Newsletter - 13/09/24
- Anna Davison
- 13 de set. de 2024
- 3 min de leitura
Delicadeza. Terremotos. Elegância. O meu Japão.
Trilha sonora para essa edição: Folded Landscapes - Erland Cooper, Scottish Ensemble
I
Delicadeza.
Se tivesse que escolher uma palavra para definir o Japão, seria delicadeza. Nas minhas andanças por Tóquio, tenho coletado cenas de ternura e delicadeza profundas.
Ninguém parece ter pressa. Tudo é feito com apuro e intento.
Elegância seria a segunda palavra. Ainda que, muitas vezes, os gestos sejam quase teatrais, exagerados. Com frequência me sinto como se estivesse andando por um cenário. Sorrio.
Tudo é sereno, apesar da temperatura (e olha que eu gosto de calor). Tem momentos em que me parece que os japoneses ao meu redor não estão sentindo o mesmo calor e umidade que fazem o suor escorrer pelo meu corpo de forma insana.
As gotas me descem pelas pernas pelas costas pela barriga
Os óculos escorregam do nariz molhado
Ao redor elegância beleza
Frescor.

II
Dentro, muita turbulência.
Na minha ignorância, achava que a realização de sonhos sempre vinha com a mesma suavidade das japonesas elegantes, em confortáveis vestidos de linho, que flutuam nas plataformas das estações de metrô. Mas a realidade é sempre diferente, sofrida
[importante lição do budismo que não ando praticando e que me chama a cada esquina]
III
Fiz 45 anos há 10 dias.
E, como no aniversário de 40, criei expectativas tão grandes que não fui capaz de perceber que elas não só foram, sim, atingidas, como foram superadas. Como resultado, só sofri, me irritei e não vi leveza e beleza.
Depois, a bonança. A beleza do templo que abriga o túmulo do Yasujiro Ozu. A ternura do senhor de avental e cabelos brancos que sai de sua loja para oferecer pirulitos aos meninos pequenos que observam encantados um pequeno aquário disposto na rua em frente. A fofura das três meninas de 6 anos, de uniforme composto de saia plissada, camisa, sapato boneca, meias brancas e chapéu redondinho de palha, que voltam sozinhas para casa de trem.
Cenas de delicadeza que acontecem todo dia. Sorrio.
IV
Temos jantado com frequência no restaurante do Akira san.
É um restaurante muito pequeno, numa rua de fundos, bem perto de onde estamos hospedados, em um bairro residencial que mais parece uma cidade de interior. Minha casa no Japão.
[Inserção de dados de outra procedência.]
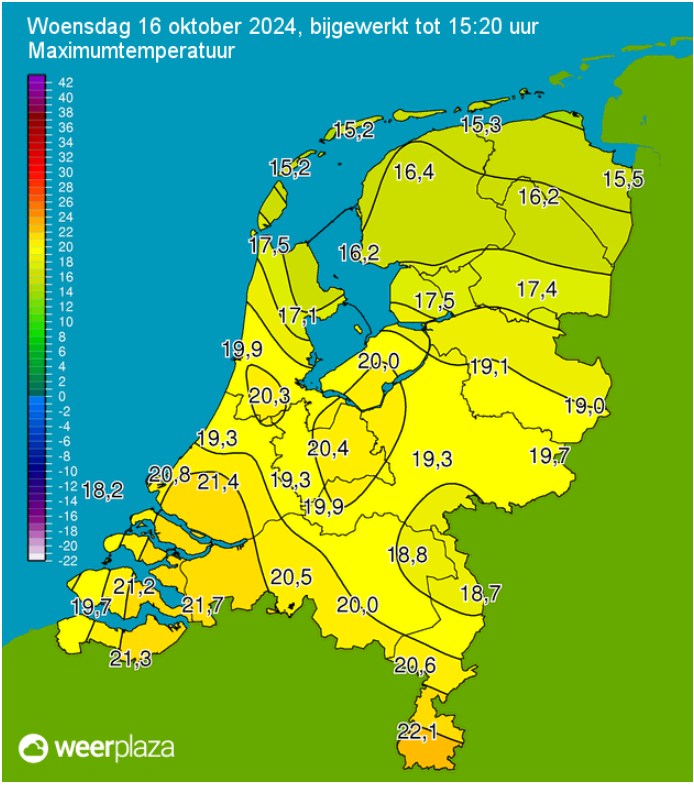 Vooral in het zuidwesten is het nog wat verder opgewarmd. In het noorden amper warm te noemen, eerder normaal
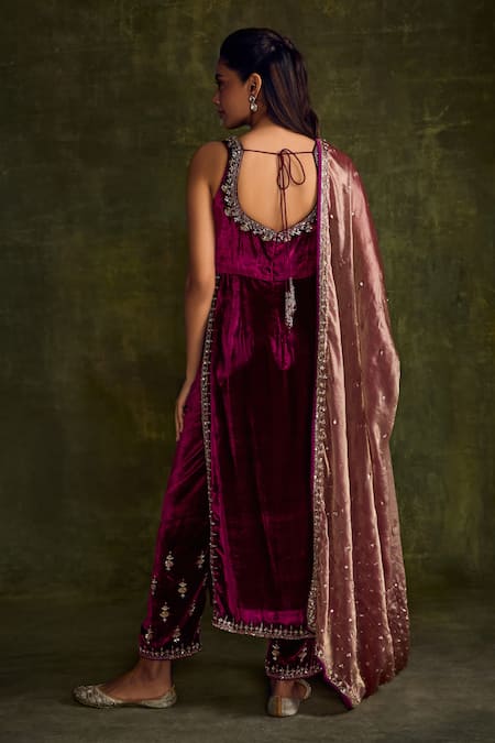 Purple straight kurta in silk velvet featuring hand embroidery with sequin, bead, and cutdana floral patterns. Paired with floral booti embroidered pants and a dupatta with cheeta sequin embroidery and satin border.
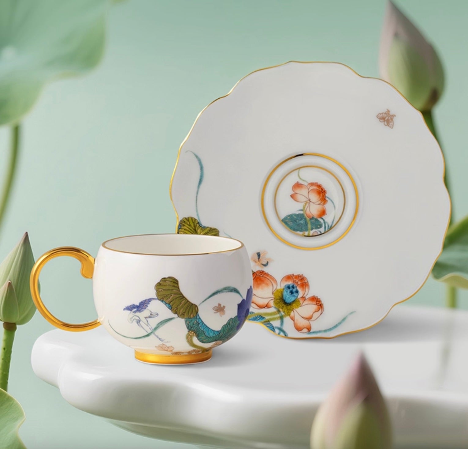 Lotus Gold-Trim Cup Set
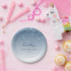 Estas placas de papel chic, elegantes, de festa de aniversário 90 apresentam uma borda brilhante azul esparsa e borda azul ombre e fundo azul. Personalize-os com o nome da convidada de honra em um guião azul de escrita manual, com seu aniversário e data abaixo na fonte sans serif.
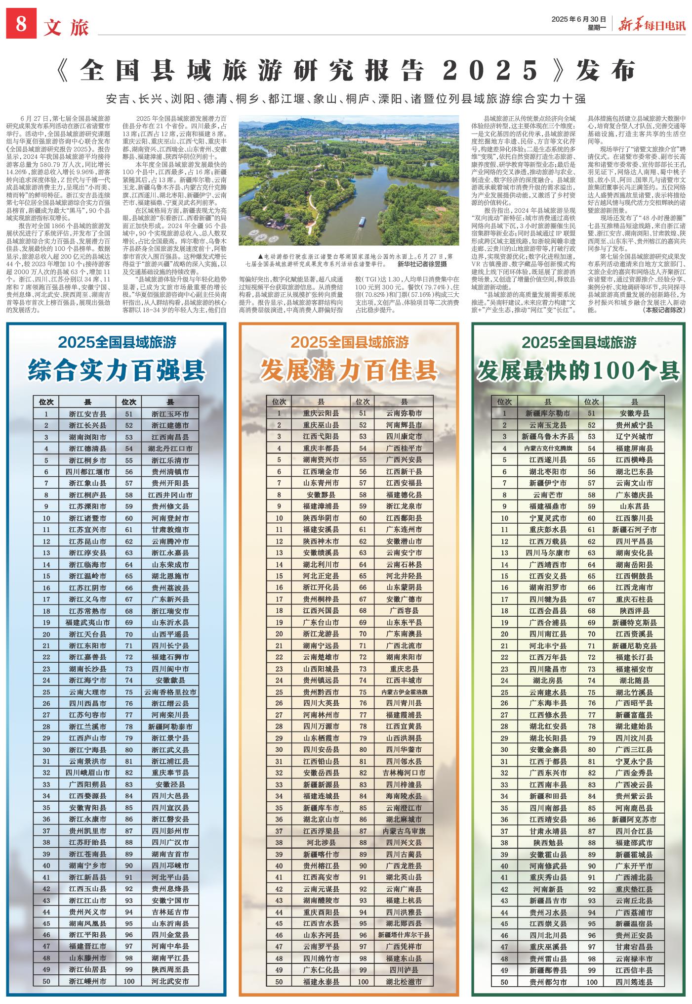 6月27日,第七届全国县域旅游研究成果发布系列活动在浙江省诸暨市举行。活动中,全国县域旅游研究课题组与华夏佰强旅游咨询中心联合发布《全国县域旅游研究报告2025》。报告显示,2024年我国县域旅游平均接待游客总量为580.79万人次,同比增长14.26%,旅游总收入增长9.96%,游客转向追求深度体验,Z世代与千禧一代成县域旅游消费主力,呈现出“小而美、精而特”的鲜明特征。浙江安吉县连续第七年位居全国县域旅游综合实力百强县榜首,新疆成为最大“黑马”,90个县域实现旅游指标双增长。
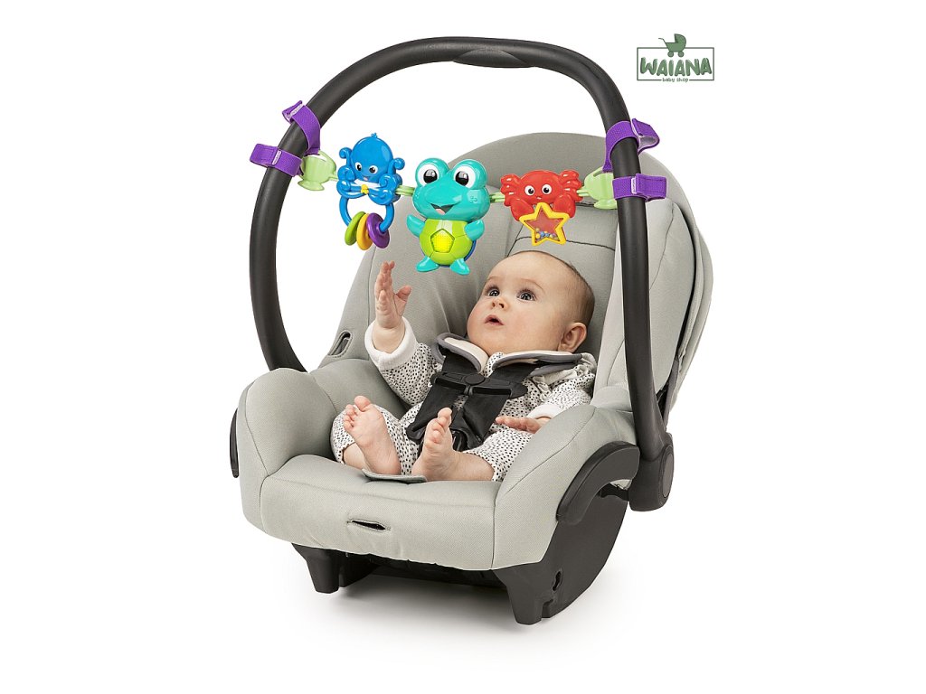 Dvojúčelová hrazda s hračkami sa pripája na podložku na hranie a vaničku na kočíku
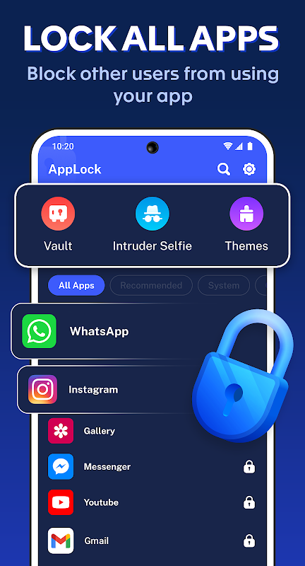 With App Lock, you can lock any app on your phone - from WhatsApp to Snapchat, Instagram to your photo gallery, and even your calculator! 🔐 App Lock is the perfect locker app that keeps all your sensitive information safe and secure. It's easy to use and provides you with complete peace of mind.
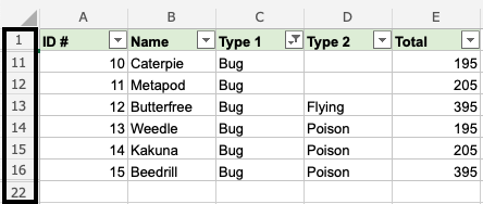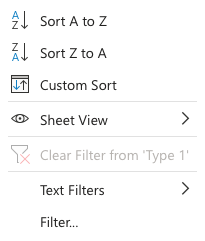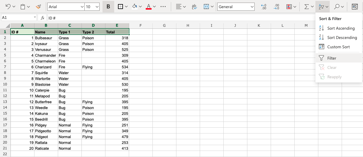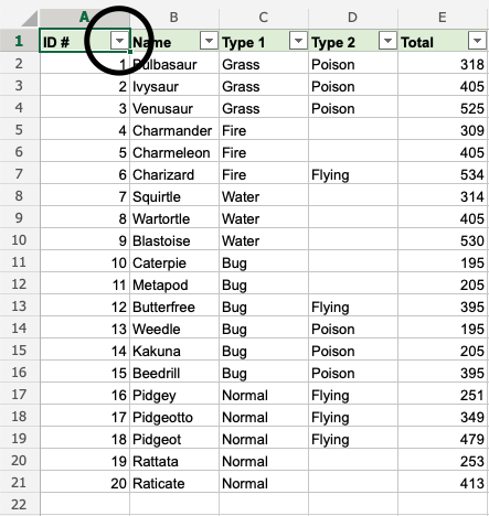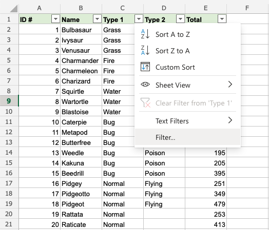 )上的下拉選單,然後選擇“篩選”選項。這是包含“型別 1”資料的列。
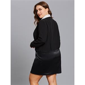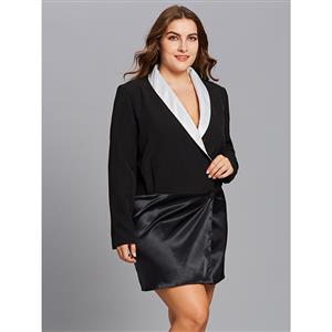 The black plus size coat dress featuring business suit design mini coat dress, deep v neck and long sleeve design, turn-down white lapel, patchwork style, front with a button closure. Suitable for office, go out, vacation, business party, clubs, bar, wedding and more.

Comer ali é uma festa. Os frequentadores assíduos, que agora já nos incluem, compartilham uma mesa e muitas conversas (no nosso caso, intermediadas por traduções feitas com o celular e um esforço grande para entender o inglês nem sempre fluido). Akira san produz na sua pequena cozinha as melhores comidas que já comi e, no salão, nos dá um curso intensivo de cultura japonesa: filmes, seriados, músicas, histórias.
Toda noite durmo muito rápido no meu fino futon sobre o chão de tatami. Sorrindo por me saber sortuda, mesmo que carregue no peito um mar em ressaca.

V
Quero usar esse tempo por aqui para entender onde quero estar no futuro próximo. Aproveito a possibilidade de total desligamento do trabalho e das responsabilidades da vida para buscar enxergar onde está o meu caminho.
O meu, quero dizer.
Não tem sido fácil, mas tenho aprendido com o Japão a viver os terremotos com elegância e delicadeza.
Até breve!
Anna
📚Não contei na minha última carta, mas antes de sair do Canadá, terminei de ler The life of insects, do Pelevin. Fiquei MUITO impactada. Que livro!
📚Tenho lido e escrito bem pouco aqui. Num ritmo muito lento, estou lendo Okasan, diario de una madre, da argentina Mori Ponsowy, em que ela conta de sua primeira viagem ao Japão, para visitar o filho jovem adulto que tinha se mudado para Tóquio. Não sei se estou gostando muito, mas é interessante compartilhar lugares com outra escritora.